Solution: The pipeline saves progress automatically. Check:

  • data/CSV/{llm}_annotated_POI_test.csv - your partial results
  • misc/{llm}_query_index.txt - last processed index
  • Just re-run the cell and it will resume from the last saved progress

JSON Parse Errors from LLM

Qwen API error: JSONDecodeError

Solution: This is usually temporary.
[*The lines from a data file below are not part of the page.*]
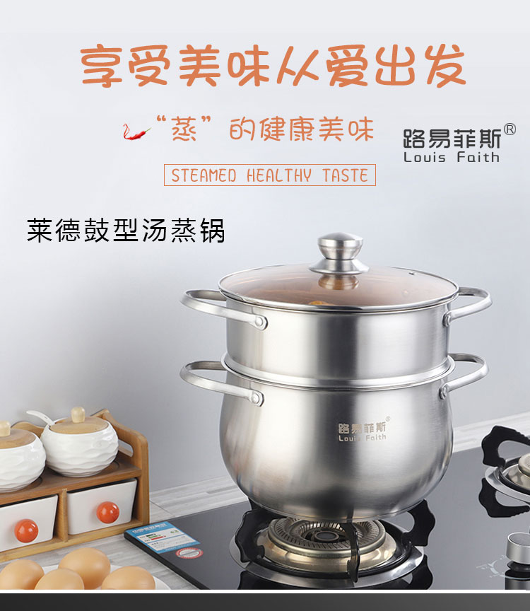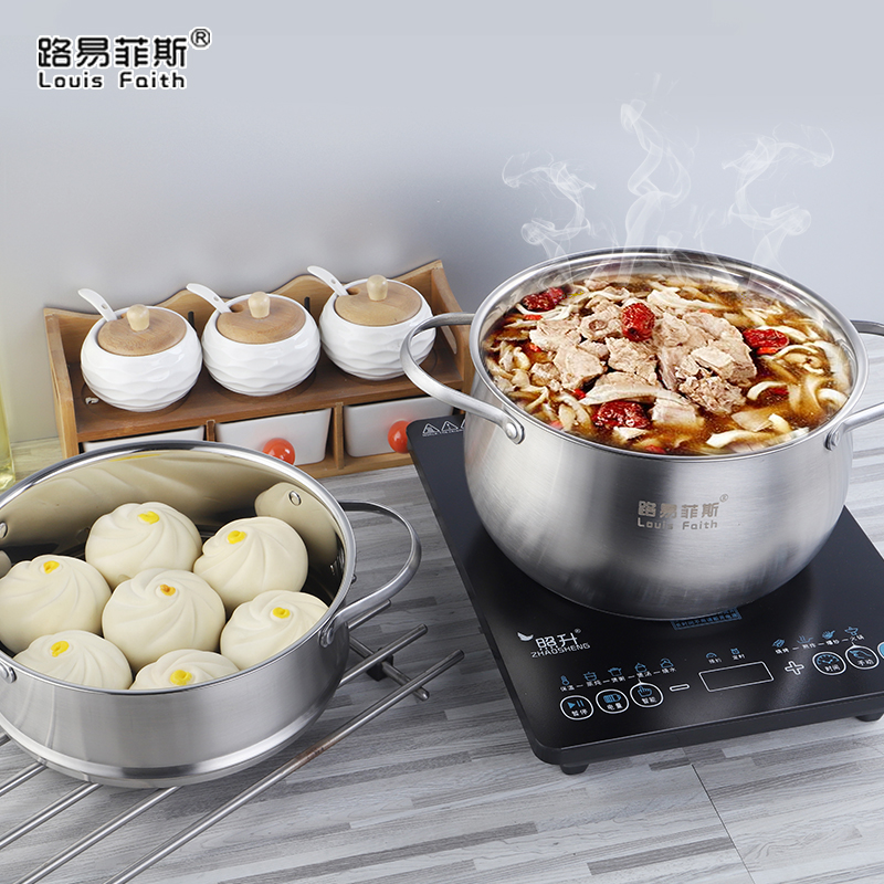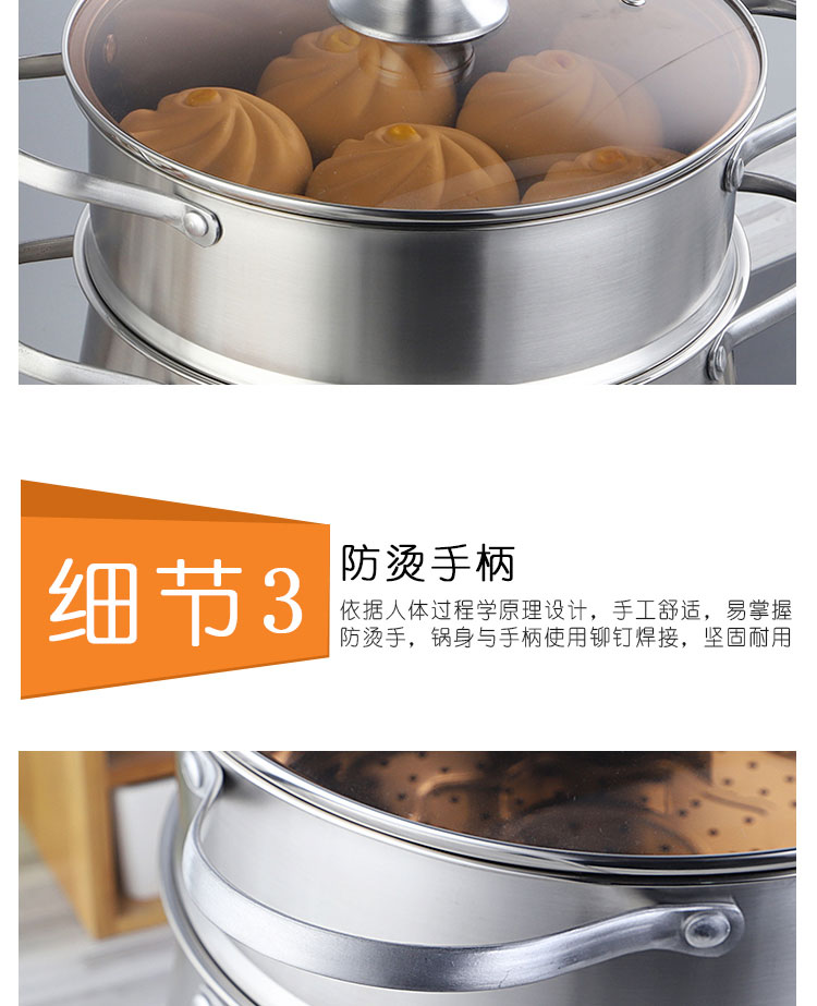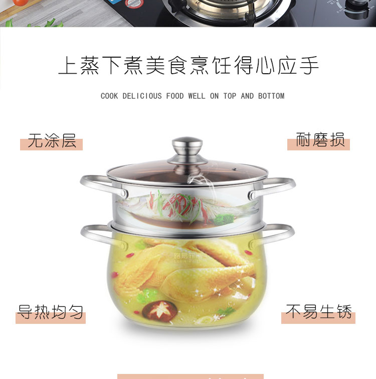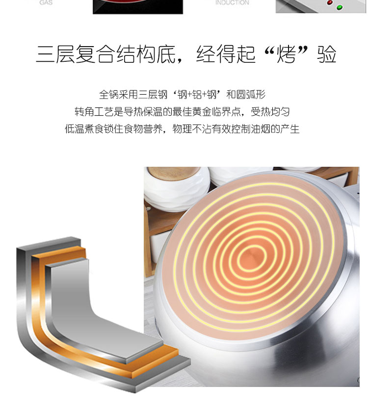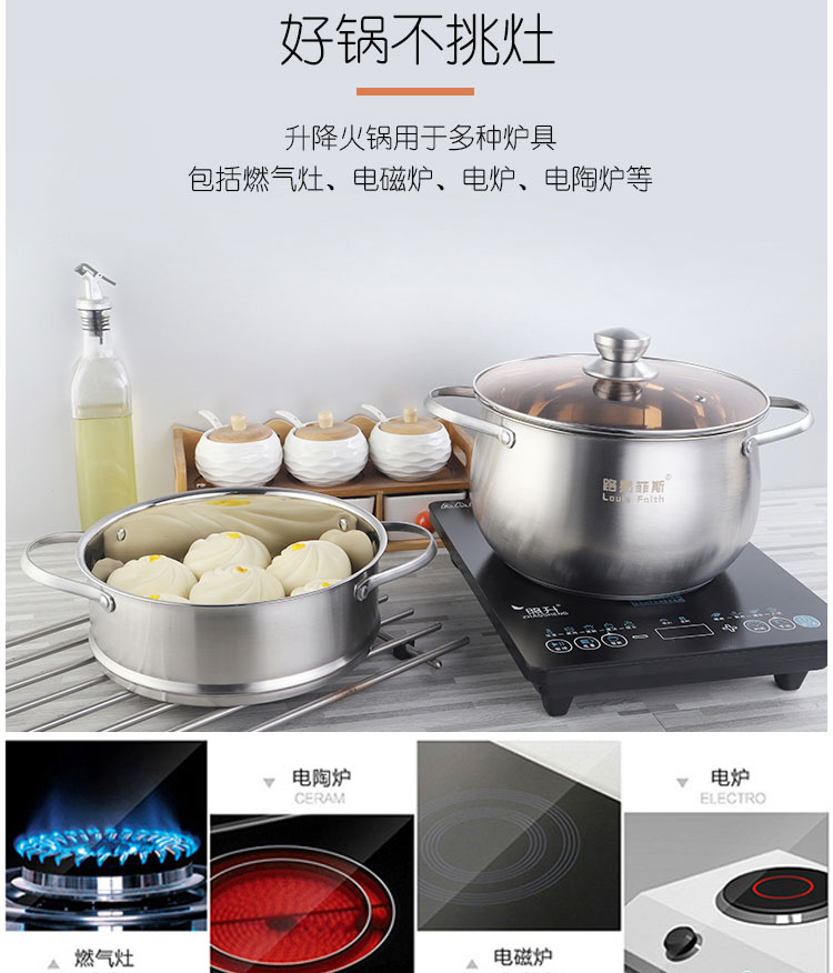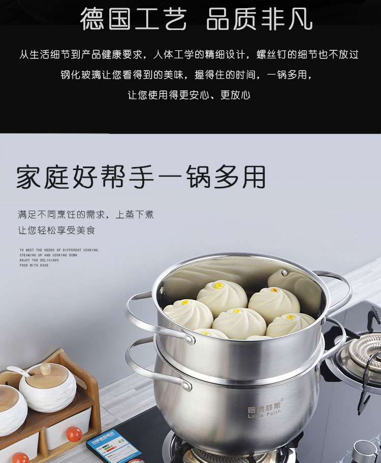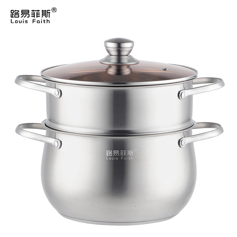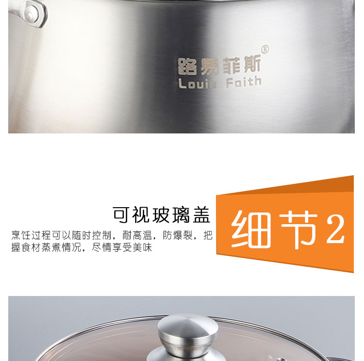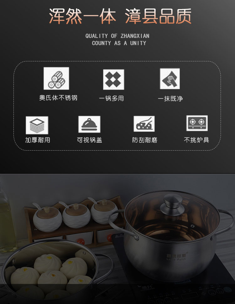主要特点: 1.精工打磨抛光,锅内、外光滑如镜,即高档美观外,便于清洗于一身; 2.可视钢化茶色玻璃盖,时尚美观实用,对锅内烹饪美食一目了然,方便操作。‘ 3. 属于奥氏体型不锈钢, 食品接触用; 4. 三层加厚复合底,导热均匀, 防粘锅; 5. 电磁炉、液化、电炉等通用方便。
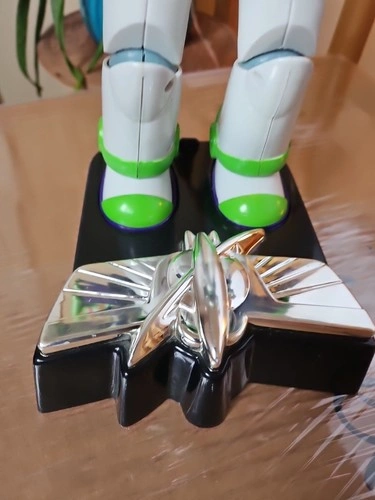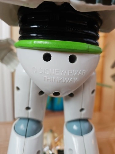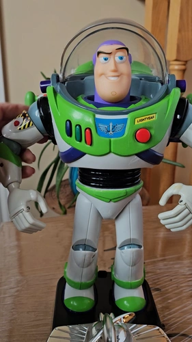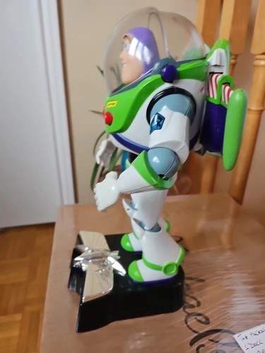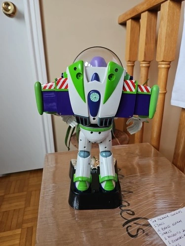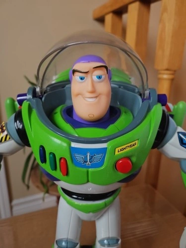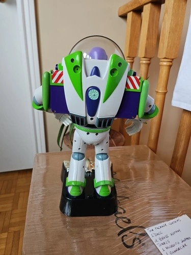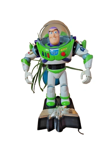This is a vintage 1990s Disney Pixar Thinkway Toys Buzz Lightyear action figure from Toy Story. It's a 12-inch tall collectible space ranger in his signature outfit. Made of durable plastic, this figure was manufactured between 1990 and 1999. It features a light-up function (batteries required) and a talking function with Tim Allen's voice. This is an original, uncustomized representation of the character. It does not come with the original packaging. Let me know if you're interested!
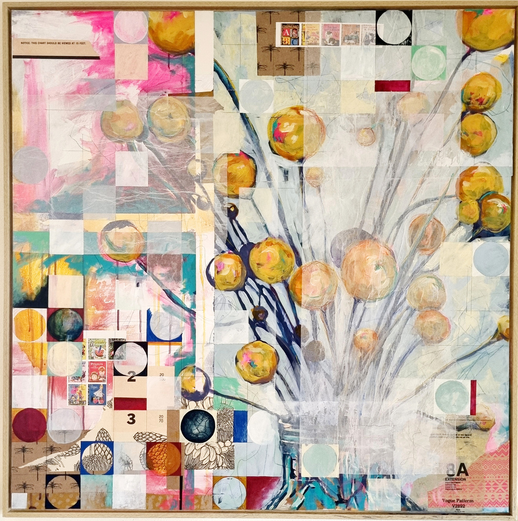 Billy Buttons + Dragonflies, 2023. Mixed media on canvas (Framed). 100 x 100cm (Private Collection)
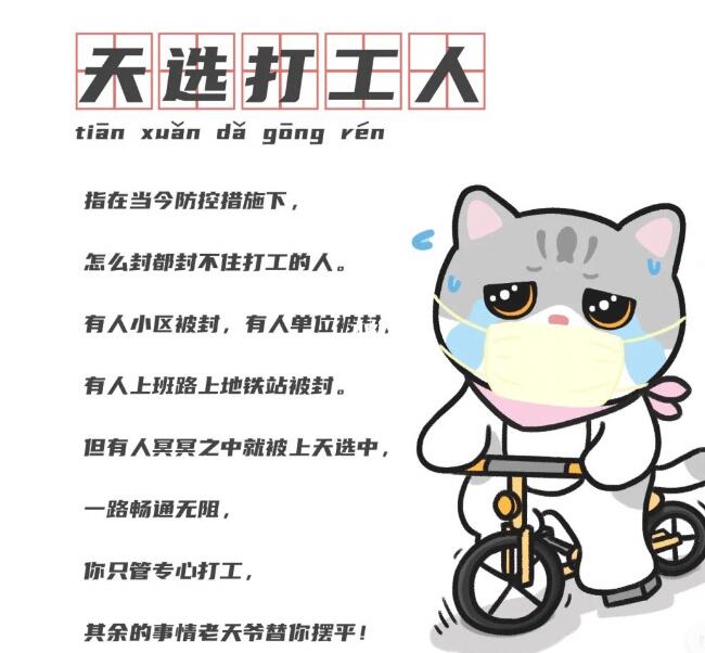 2022年5月5日是五一假期后上班第一天,热词“天选打工人”在微信朋友圈里刷屏,“我是天选打工人”“天选打工人完成7轮核酸检测已到岗”,辅之以或写实或写意的图片。网友公认“今天小区没封+单位没封+健康宝没弹窗=天选打工人”。
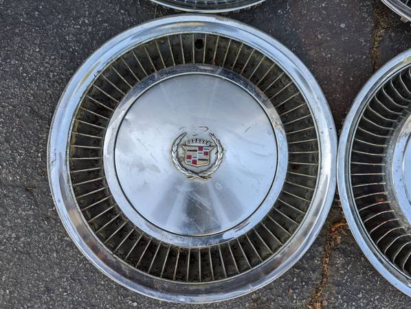 These are four Stock hubcaps original from a 1974 through 1975 Cadillac Classic. Good condition

The code:

  • Returns "Unknown" for failed queries
  • Continues processing
  • You can manually review/reprocess failed entries later

Cost Management

Estimate Costs Before Processing

For a dataset with N entries:

  • Qwen: Contact Alibaba Cloud for pricing
  • Llama: ~N Γ— $0.0005 = ~$5 per 10k entries
  • Mistral: ~N Γ— $0.004 = ~$40 per 10k entries

Best Practices

  1. Always test first: Run with TEST_MODE = True on 10 samples
  2. Monitor API usage: Check your API provider's dashboard
  3. Use cheaper models first: Try Llama before Mistral
  4. Process in batches: Set MAX_ROWS to process incrementally
  5. Save intermediate results: The automatic saving feature helps prevent data loss

Comparing Multiple LLMs

To compare results from different LLMs:

  1. Run the pipeline with SELECTED_LLM = 'qwen'
  2. Change to SELECTED_LLM = 'llama' and run again
  3. Change to SELECTED_LLM = 'mistral' and run again
  4. Compare the three output files:
    • qwen_annotated_POI.csv
    • llama_annotated_POI.csv
    • mistral_annotated_POI.csv

Files Created

The pipeline creates these files:

data/CSV/
β”œβ”€β”€ NER_POI_step01_pre_annotation.csv     # After name cleaning
β”œβ”€β”€ NER_POI_step02_annotated.csv          # After country mapping
β”œβ”€β”€ qwen_annotated_POI_test.csv           # Test results (Qwen)
β”œβ”€β”€ qwen_annotated_POI.csv                # Full results (Qwen)
β”œβ”€β”€ llama_annotated_POI.csv               # Full results (Llama)
└── mistral_annotated_POI.csv             # Full results (Mistral)

misc/
β”œβ”€β”€ qwen_query_index.txt                  # Progress tracking
β”œβ”€β”€ llama_query_index.txt                 # Progress tracking
└── mistral_query_index.txt               # Progress tracking

Support

For issues or questions:

  1. Check this guide for common problems
  2. Review misc/credentials/README.md for API setup
  3. Read the notebook documentation (first cell)
  4. Check API provider documentation for service-specific issues

Ethical Considerations

This research documents ethical problems with AI deepfake models. The dataset and analysis help:

  • Understand the scope of unauthorized person likeness usage
  • Document professions/demographics most affected
  • Inform policy and technical solutions
  • Raise awareness about deepfake technology misuse

Use this data responsibly and respect individual privacy and consent.